ProactivityConfig is underexplored. Having a model decide when to speak rather than waiting to be prompted is a fundamentally different interaction model and it's barely documented. We learned most of what we know by reading the ADK source.

Ambient AI lives or dies on restraint. A model that talks too much is worse than no model. "Only speak when you see something specific and actionable" is the most important line in the entire system prompt, and it took a lot of failed versions to get there.

Browser audio has a lot of moving parts. PCM encoding, jitter buffers, gapless playback, interruption, background tab survival none of it is hard individually but they all interact. Plan more time than you think you need.

What's Next for Compass

Private repo support through GitHub OAuth — right now it's public repos only.

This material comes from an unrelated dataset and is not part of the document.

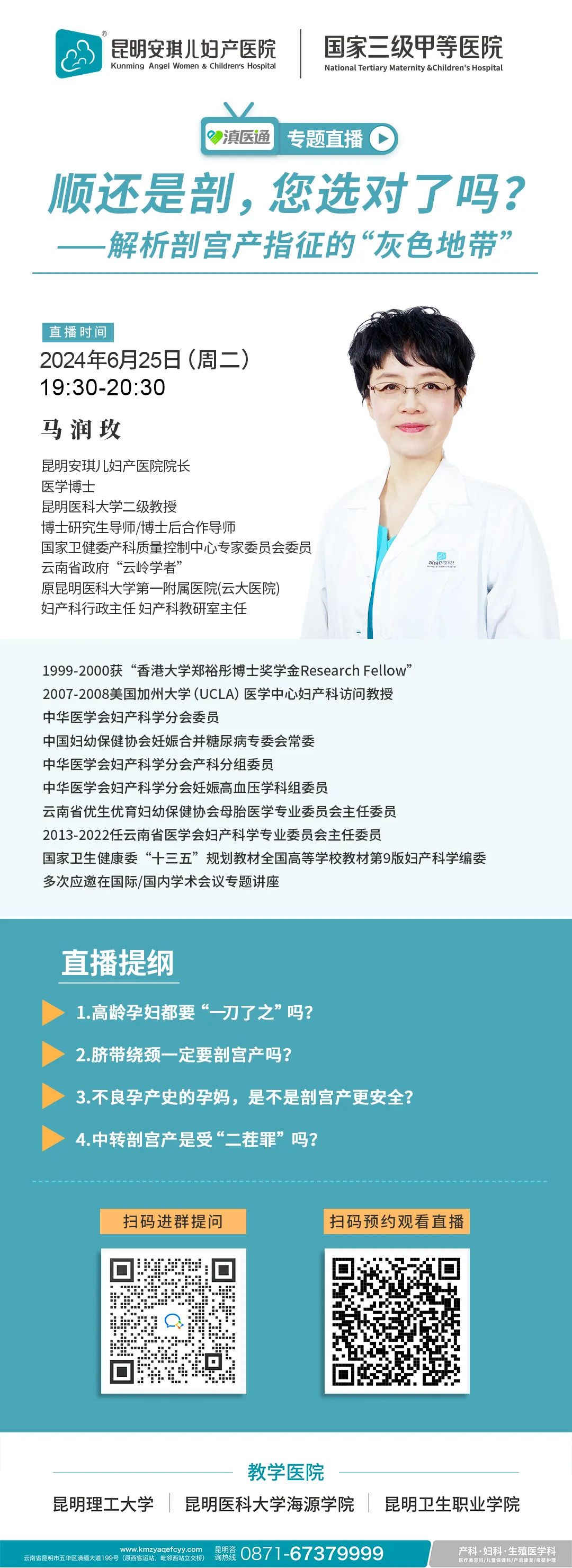 2024年6月25日(周二)19:30-20:30,马润玫教授再次做客滇医通直播间,为大家解析剖宫产指征

Redis for persistent storage, so sessions survive restarts and cold starts on Cloud Run.

Incremental updates watch commits and re-analyse only what changed, rather than running the full pipeline on every push.

A VS Code extension that surfaces the knowledge graph inline. Hover a function, see what depends on it. Open a file, get an instant brief for that module.

Team mode shared knowledge graphs where multiple developers can annotate the same repo, so institutional knowledge actually accumulates instead of living in one person's head.